*Exercise prompt:* For each entry, restate it word for word while omitting any image it holds.

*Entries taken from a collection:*
__________________________________________________

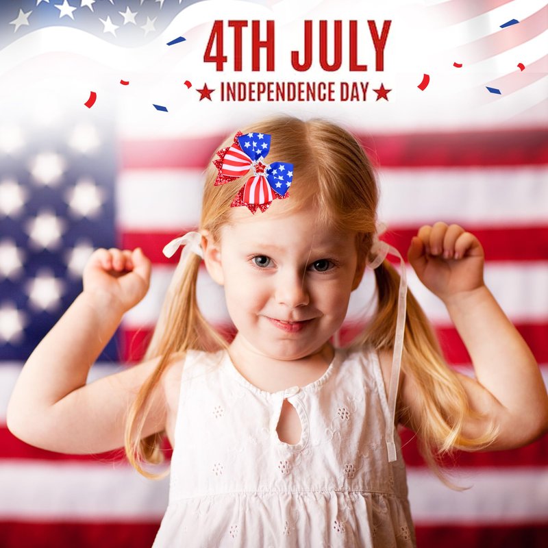 BELEKI 4th of July hair clips add unique charm to your hairstyle. The vibrant red, white, and blue bows, with classic American flag elements like stars and stripes,
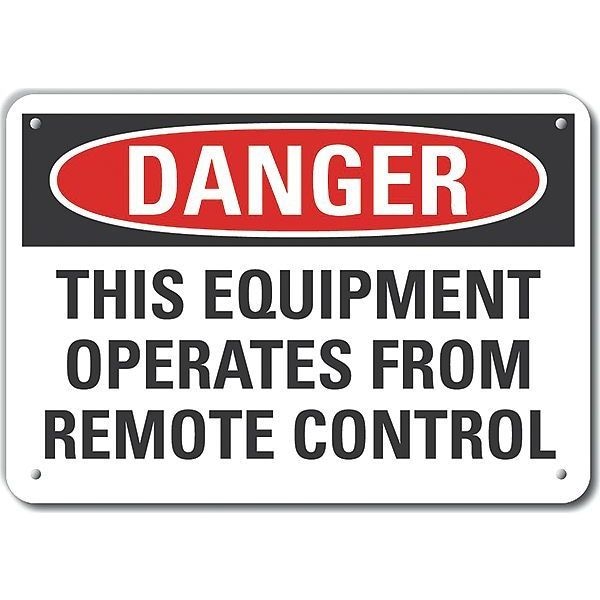 Plastic Machine & Operation Danger Sign, Vertical Rectangle, Number of Printed Sides 1, English, Sign Format Traditional OSHA, Sign Legend This Equipment Operates From Remote Control, Sign Legend Background Color White, Sign Legend Style Text
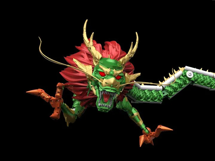 The TS-01G Green Dragon Long March 5 rocket transformation mecha figure transforms from The Long March 5 rocket into a mecha dragon! In dragon form, the figure features 23 points of articulation and stands nearly 26 inches long, and the trusters from the rocket can be used as a stand for the dragon. In rocket mode, the Long March 5 rocket is in 1/200 scale and stands nearly 12 inches tall.
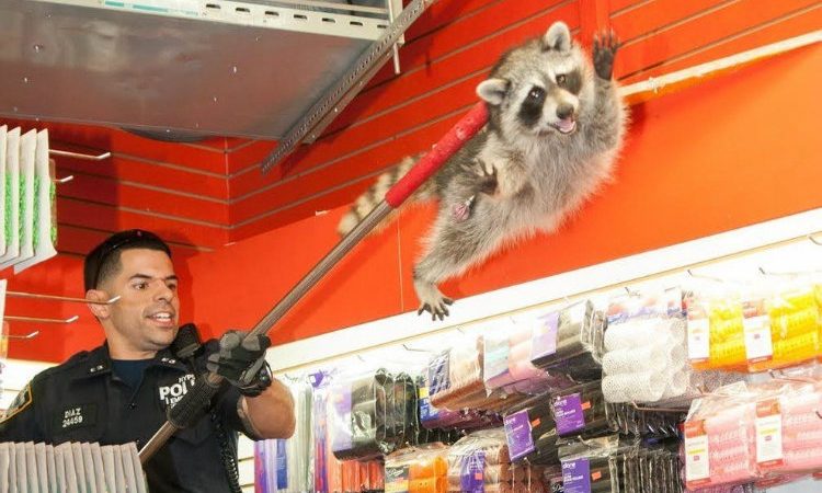 A bushy tailed raccoon once broke into a Bronx beauty shop and created a ruckus. When the owner of the shop opened the shop at 8:30 a.m., she saw chunks of ceiling and wigs on the ground. Looking at the ceiling she discovered the crafty critter. So, she immediately dialed 911. Four cops armed with a trap lined with marshmallows and a tranquilizer gun showed up.
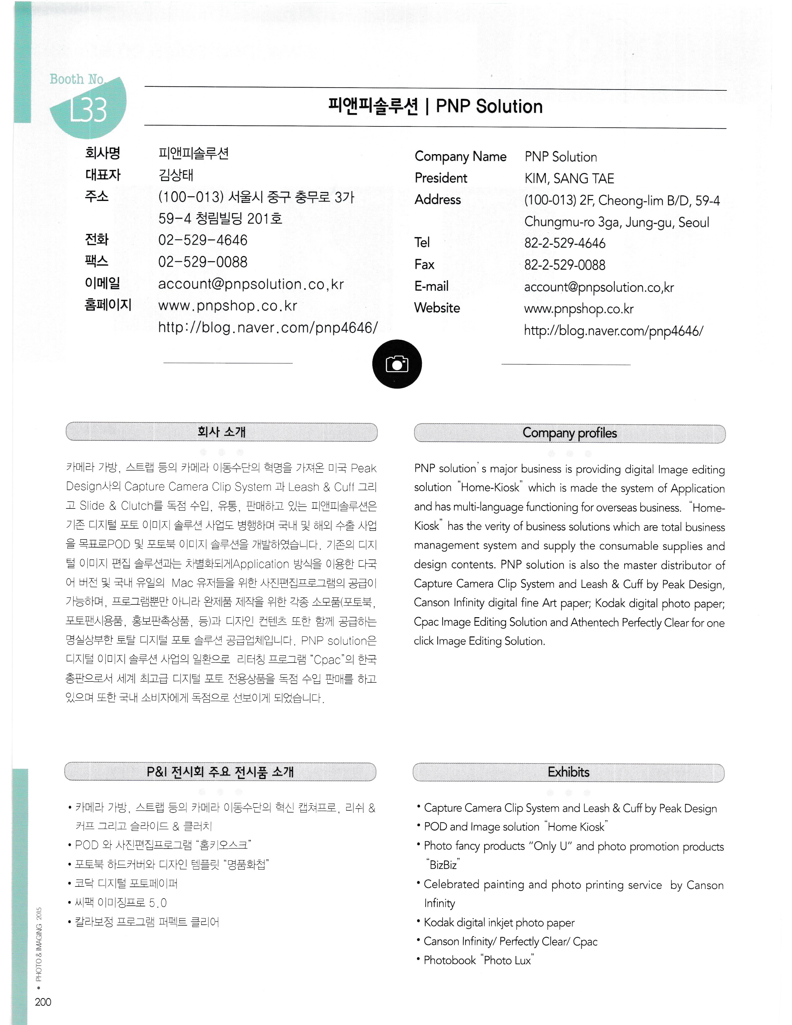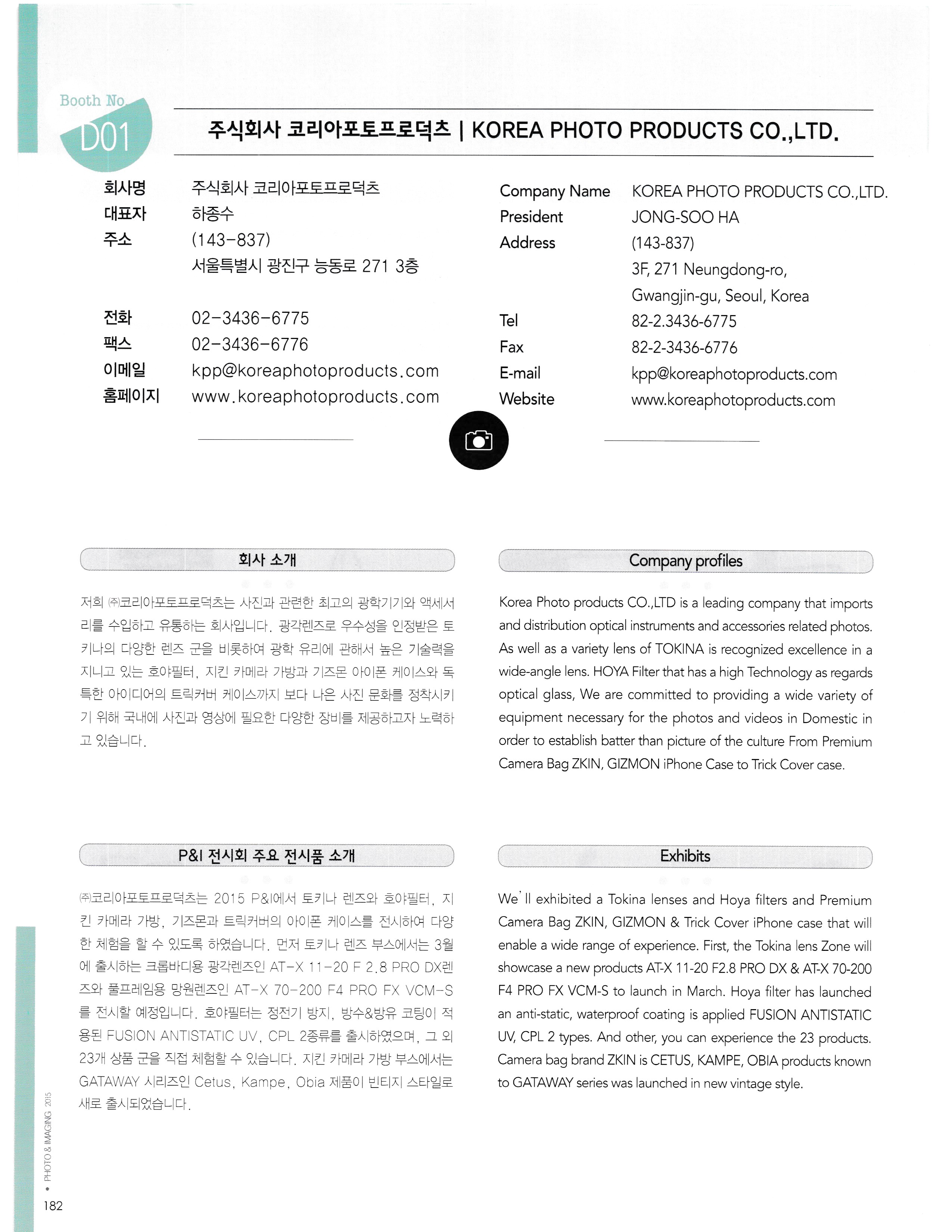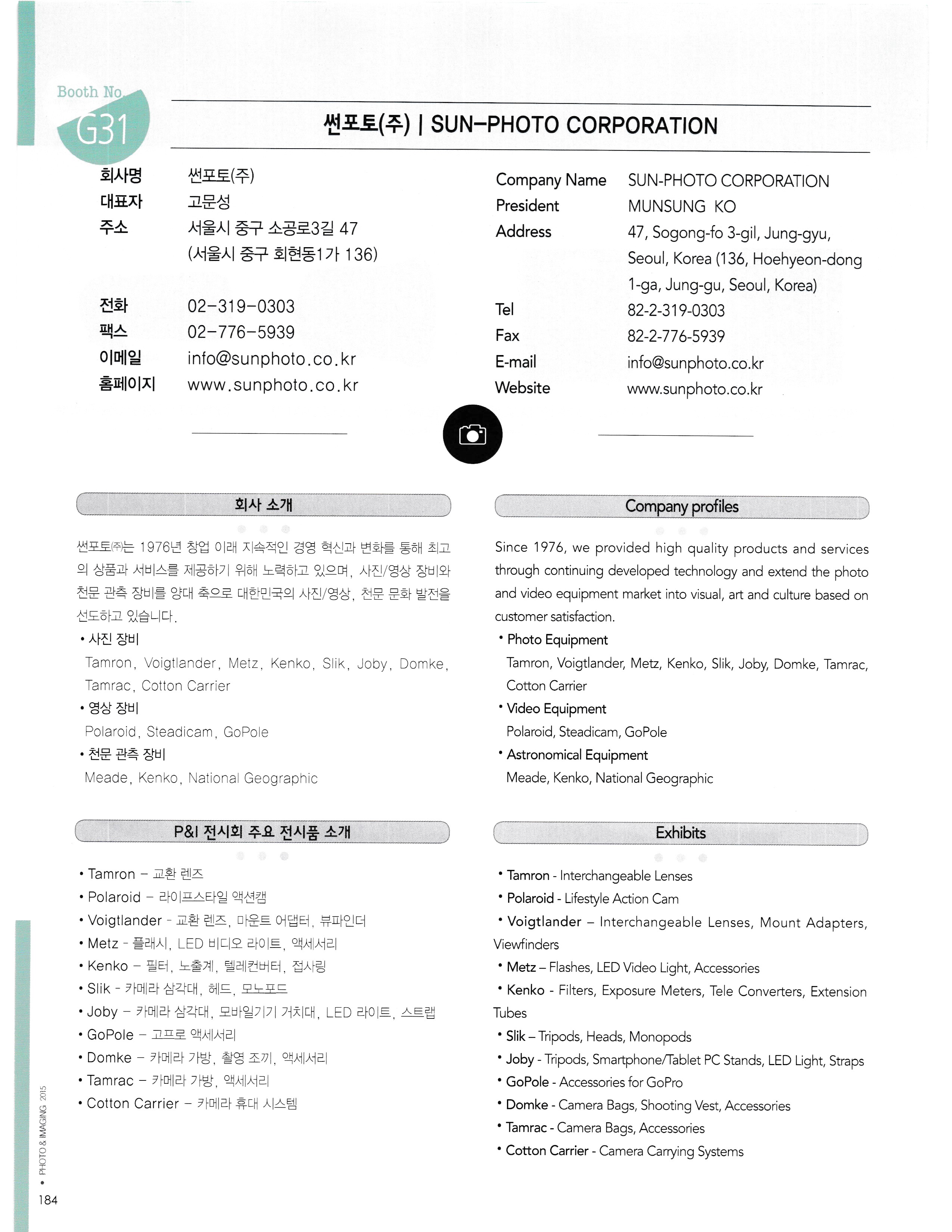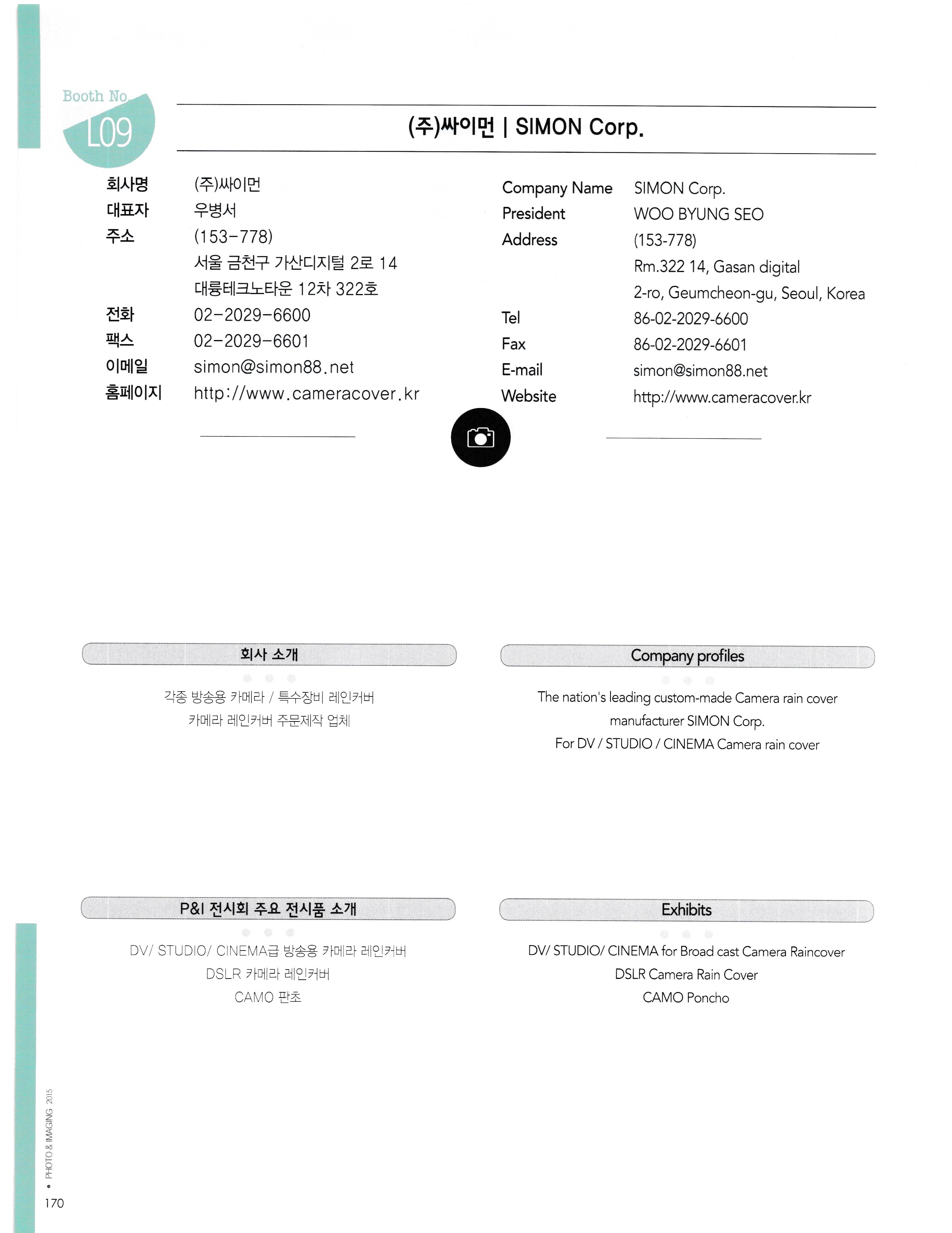 | P&I 2015, 제24회 서울국제사진영상 기자재전, 기업리스트, 참가기업리스트,-3 (0) | 2019.07.22 |

__________________________________________________

*Your solution:*
 BELEKI 4th of July hair clips add unique charm to your hairstyle. The vibrant red, white, and blue bows, with classic American flag elements like stars and stripes,
 Plastic Machine & Operation Danger Sign, Vertical Rectangle, Number of Printed Sides 1, English, Sign Format Traditional OSHA, Sign Legend This Equipment Operates From Remote Control, Sign Legend Background Color White, Sign Legend Style Text
 The TS-01G Green Dragon Long March 5 rocket transformation mecha figure transforms from The Long March 5 rocket into a mecha dragon! In dragon form, the figure features 23 points of articulation and stands nearly 26 inches long, and the trusters from the rocket can be used as a stand for the dragon. In rocket mode, the Long March 5 rocket is in 1/200 scale and stands nearly 12 inches tall.
 A bushy tailed raccoon once broke into a Bronx beauty shop and created a ruckus. When the owner of the shop opened the shop at 8:30 a.m., she saw chunks of ceiling and wigs on the ground. Looking at the ceiling she discovered the crafty critter. So, she immediately dialed 911. Four cops armed with a trap lined with marshmallows and a tranquilizer gun showed up.
 | P&I 2015, 제24회 서울국제사진영상 기자재전, 기업리스트, 참가기업리스트,-3 (0) | 2019.07.22 |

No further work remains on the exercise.